Be Nice, Grasshopper!

“The wisdom of the Desert Fathers includes the wisdom that the hardest spiritual work in the world is to love the neighbor as the self---to encounter another human being not as someone you can use, change, fix, help, save, enroll, convince or control, but simply as someone who can spring you from the prison of yourself, if you will allow it.”
                                  Barbara Brown Taylor
                                  An Altar in the World

         I wonder whether you dread the coming Presidential campaigns as much as I do.  I listened yesterday as yet another candidate threw his proverbial hat into the ring.  He started out cordial enough but then, as my grandmother would say, ‘he fell to judgin’.  That is a long and all too familiar fall.  I don’t know how we humans break this cycle of believing that our way is the right way and anything else is wrong.  Maybe it is magical thinking on my part, but I believe people used to make more of an effort to be civil.  Just this week, one frustrated airline passenger smacked another on the head for reclining his seat, sparking mid-air fisticuffs.  That little discourtesy cost a small fortune when five fighter jets scrambled to escort the plane back to the airport and many thousands of gallons of jet-fuel were dumped into an already polluted atmosphere.  I remember when we used to dress up in our Sunday clothes to get on an airplane!  It was an honor to climb those rickety stairs, take a cramped little seat and be served a dry piece of chicken and rubbery vegetables.  Wouldn’t we kill for that now—literally!

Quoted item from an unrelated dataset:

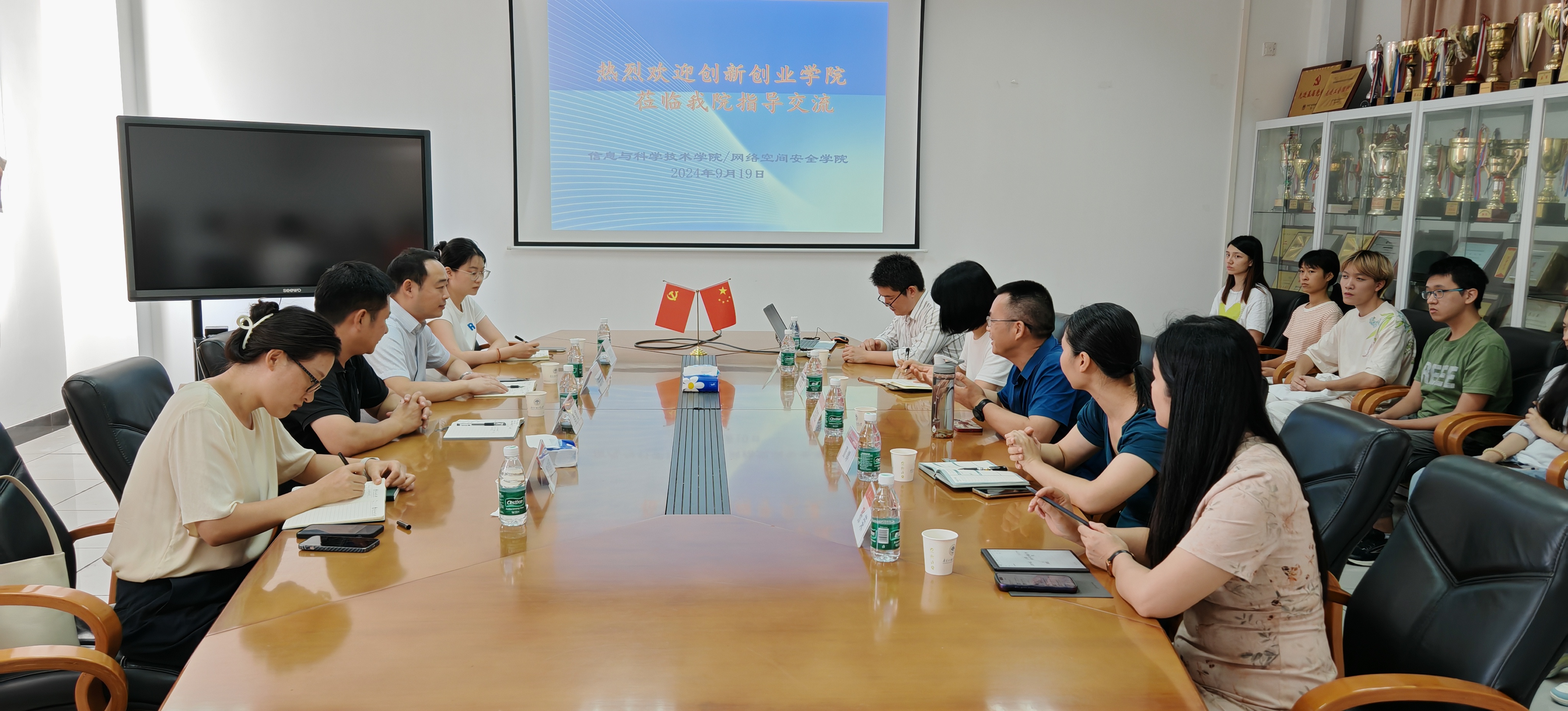 9月19日,商学院党委书记、创新创业学院常务副院长肖锋,创新创业学院副院长刘方龙带领学院工作人员,前往信息科学与技术学院进行创新创业工作调研交流。信息科学与技术学院院长王常吉、党委副书记刘玉丽、相关辅导员与学术科技团队代表参加此次交流会。

         Carl Rogers, one of the pioneers of modern psychology, taught that the most transformative behavior human beings can offer one another is “unconditional positive regard.”  That doesn’t mean that we agree with everything another person says or does, but that we respect their right to say it, believe it and act on it.  There are now more than seven billion humans on planet Earth and within thirty years, that number will climb to nine billion.  We will either learn how to treat each other with respect, or fall into chaos.

         We, including me, seem to take ourselves way too seriously.  We live in frustrating times, and we are taking our generalized irritability out on everyone around us.  It must stop.  Perhaps today we will all experience being sprung from the prison of ourselves.